Berkay Çelik

Site Reliability Engineer - DevOps Engineer - Cloud Architect
Istanbul, TR.

About

Highly experienced Site Reliability Engineer with over 4 years of expertise in optimizing cloud infrastructure and implementing robust DevOps best practices. Proven track record of achieving 99.99% uptime for complex enterprise systems, significantly reducing infrastructure costs by 30%, and enhancing deployment efficiency by 60%. Adept in Azure, AWS, Kubernetes, Terraform, and MLOps, with a focus on scalable and resilient cloud solutions.

Work

AMADEUS
|

Senior DevOps Engineer

Istanbul, Istanbul, Türkiye

Summary

Managed SRE operations for a high-volume travel platform, leading cloud migration efforts and architecting MLOps solutions.

Highlights

Managed SRE operations for a travel platform processing over 1.5B annual transactions, achieving 99.99% uptime through Prometheus/Grafana monitoring and automated incident response.

Led a critical Azure cloud migration for 200+ microservices on OpenShift, reducing infrastructure costs by 30% and deployment time by 60% using Terraform IaC and CI/CD pipelines.

Implemented a comprehensive observability framework with 50+ custom Prometheus metrics and Grafana dashboards, resulting in a 40% decrease in Mean Time To Resolution (MTTR).

Architected an MLOps platform utilizing Kubeflow and MLflow for AI-powered recommendations, streamlining model release cycles from weeks to just 2 days.

Collaborated cross-functionally with 25+ engineers across 4 time zones to establish robust SRE best practices, achieving 95% error budget compliance.

Automated infrastructure provisioning using Azure ARM templates and Ansible, reducing manual tasks by 70% and enhancing operational efficiency.

ICRON
|

Cloud Engineer

Istanbul, Istanbul, Türkiye

Summary

Orchestrated cloud deployments for a supply chain platform, automating infrastructure and modernizing CI/CD pipelines.

Highlights

Orchestrated complex cloud deployments for a supply chain platform serving 50+ enterprise clients, managing Azure infrastructure and reducing associated costs by 25%.
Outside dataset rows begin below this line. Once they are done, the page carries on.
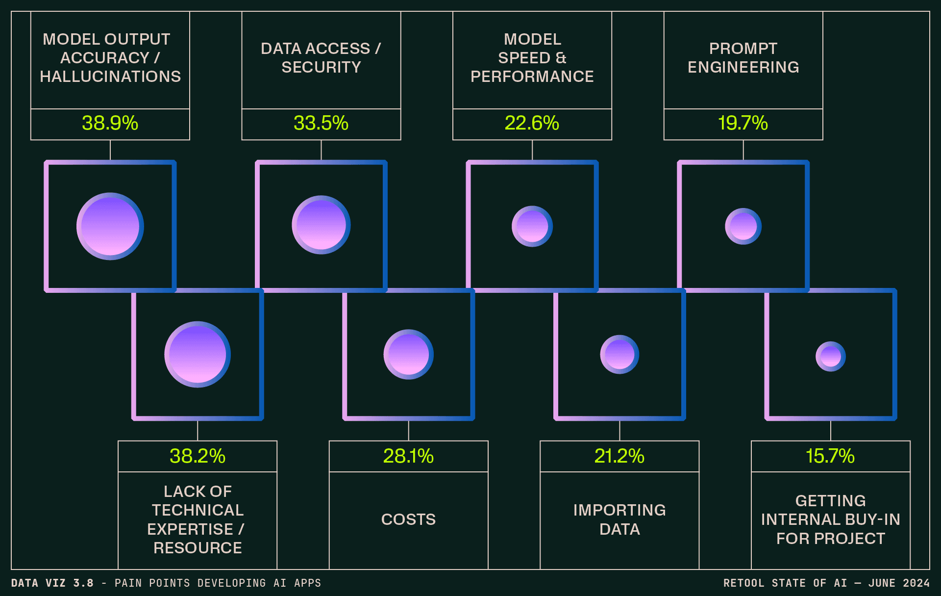 - Two of the top three pain points respondents associated with developing AI apps were model output accuracy/hallucinations (38.9%) and data access/security (33.5%) which have remained largely unchanged from 2023’s survey.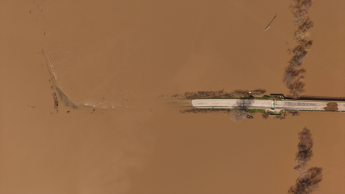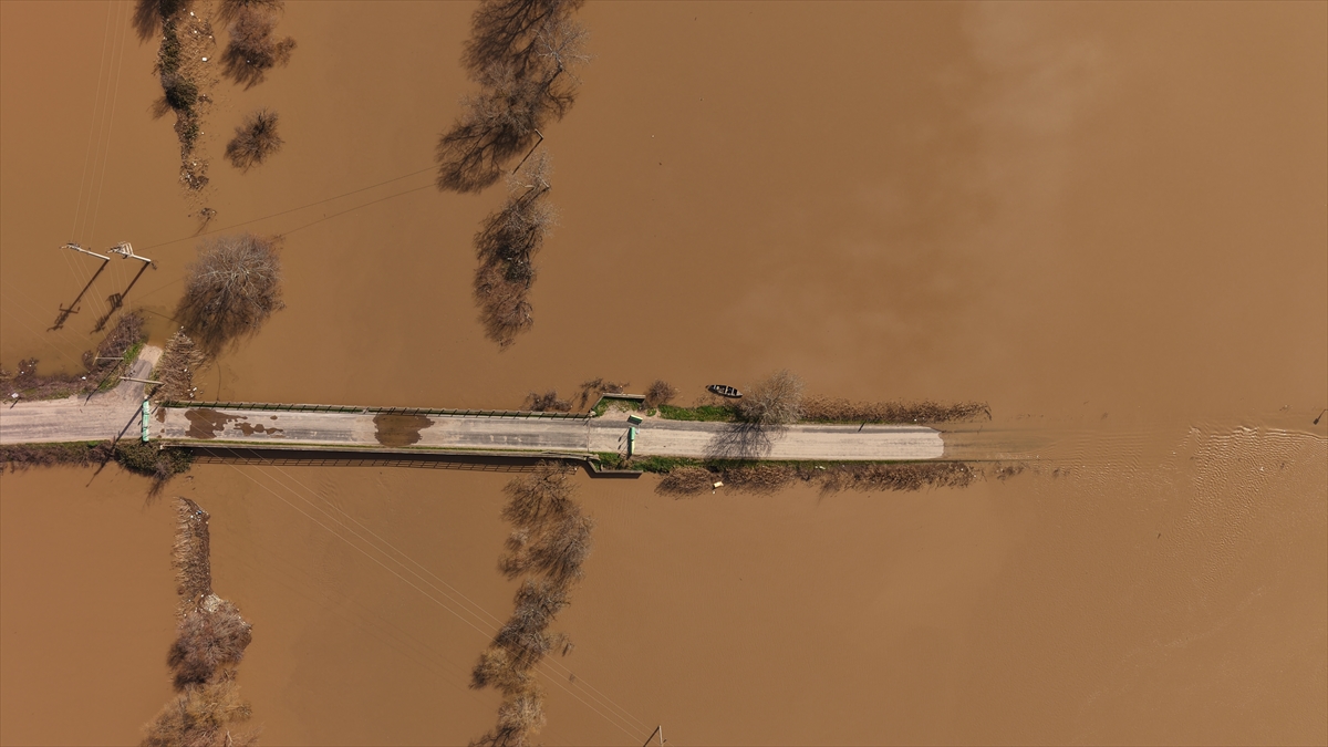 Bursa'nın Karacabey ilçesinde etkili olan yağmurun ardından debisi yükselen Çapraz Çayı'nın taşması nedeniyle Harmanlı kara yolu ile Harmanlı Köprüsü'nde ulaşım sağlanamıyor.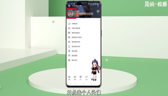 1.打开手机qq,向右滑动屏幕,点击个人头像;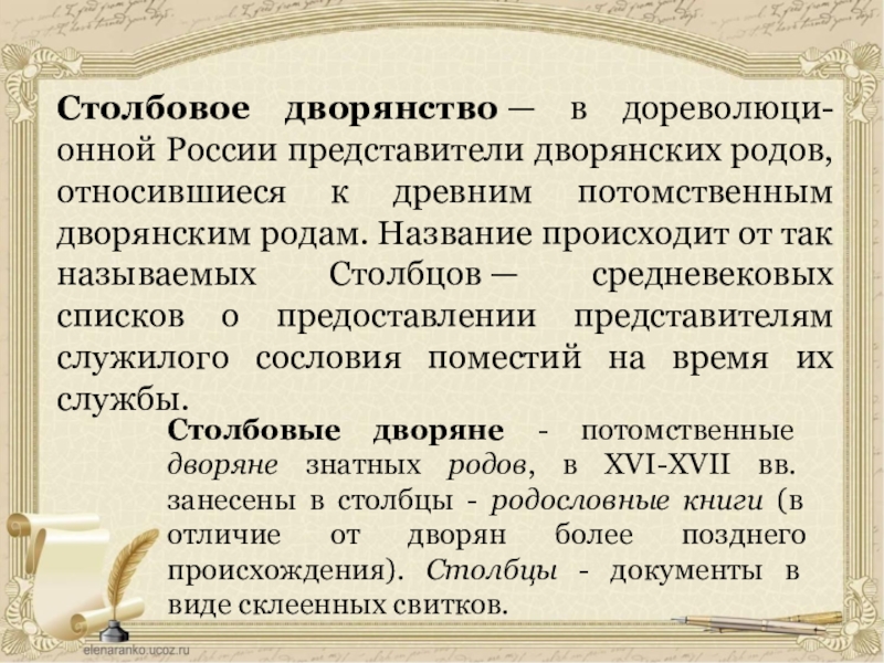 Столбовые дворяне - потомственные дворяне знатных родов, в XVI-XVII вв. занесены в столбцы - родословные книги (в отличие от дворян более позднего происхождения). Столбцы - документы в виде склеенных свитков.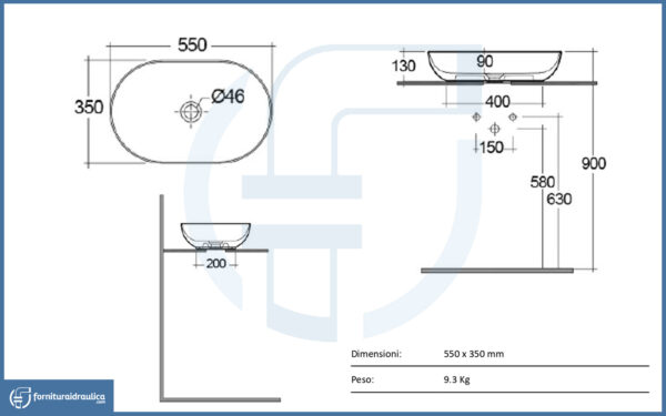 Il design d’appoggio consente un’installazione semplice su vari tipi di piani, offrendo libertà nella scelta della rubinetteria, che può essere montata sia sul piano che a parete, in base alle esigenze estetiche e funzionali.

Automated infrastructure provisioning using Terraform and Ansible, drastically cutting deployment time from 4 hours to 30 minutes.

Designed and implemented a robust RBAC framework with 20+ custom roles, reducing access provisioning time by 75% and ensuring SOC2 compliance.

Implemented a comprehensive monitoring stack with Prometheus/Grafana, improving system availability from 97% to 99.5% and reducing MTTR by 40%.

Modernized CI/CD pipelines using Azure DevOps, implementing blue-green deployments to enable zero-downtime releases and enhance system stability.

IBM
|

Site Reliability Engineering

Istanbul, Istanbul, Türkiye

Summary

Optimized performance for enterprise applications and established SRE practices.

Highlights

Optimized performance for 20+ enterprise applications using Instana APM, reducing P1 incident resolution time from 2 hours to 45 minutes.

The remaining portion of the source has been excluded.